No, I've thought better of it. Use $NEWSROOT/hierarchy/YYYY/MM/DD.tgz instead.
You get a number of files any filesystem can handle, an individual download
which is not too large, and your interface tool can handle the threading and
correlation and so forth. Side benefit, all of the tools to manipulate this
sort of thing are easy to build.
It would be nice to build a Subject index at the end of each month, too.
-dsr-
Hey, those guys stole my idea! :-) That could be very useful. I wonder
if they know about the Deja situation.
Well, it is for scholarship and research purposes only and you need a
password to access the materials. At least assuming the generic
policies at http://www.archive.org/proposal.html#Terms apply to the
usenet collection.
While that's still of some use, it does strike me as a somewhat
different service than a fully public one like what deja.com provides.
If Deja is going bankrupt, maybe we/someone could form a non-profit to
purchase their database for "pennies on the dollar"?
And stashing the data in Freenet or MojoNation would work.

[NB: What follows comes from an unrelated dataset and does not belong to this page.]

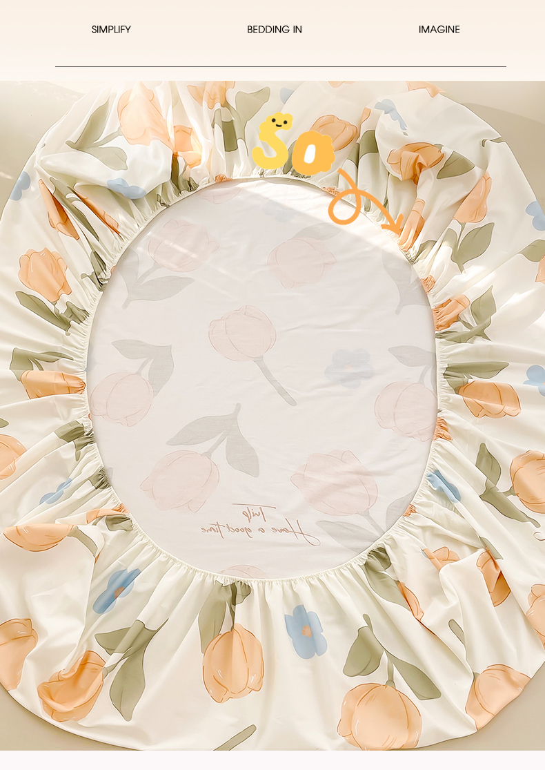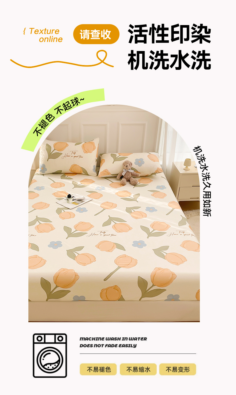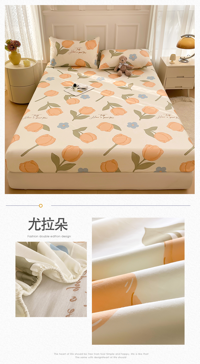 • 91家纺网 家纺一手货源 找家纺 雯豆家纺 2024新款全棉纯棉小清新印花床笠单层床垫保护套 全棉单层床笠-尤拉朵

All that
is "needed" is to convert every article into a single unique "pathname".
Heck, /usenet/messageid would work perfectly.
--
Mark Atwood | Freedom from want, freedom from fear, freedom from choice.

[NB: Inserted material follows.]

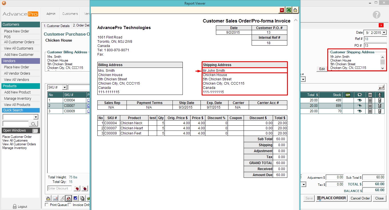 4. The Shipping and Billing Names are now visible on the Print Preview of the invoice/order.

m...@pobox.com | Is that the freedom you want?
http://www.pobox.com/~mra
>If Deja is going bankrupt, maybe we/someone could form a non-profit to
>purchase their database for "pennies on the dollar"?
They're not going bankrupt. They're being acquired. The article on
ZDNet that started all this implied that the deal was pretty much done
but that the details weren't public yet, at least for the archiving
segment.
--
-------------------------------------------------------------------------
ka...@eyrie.org | Please do not e-mail me copies of material posted
Kate Wrightson | to newsgroups. I read the groups to which I post.
Sorry for follow up to a post of mine, and a somewhat old one at that,
but a closer reading of the story confirms this.
The key word is "profitable".
"The company believes the profitable Usenet business unit"....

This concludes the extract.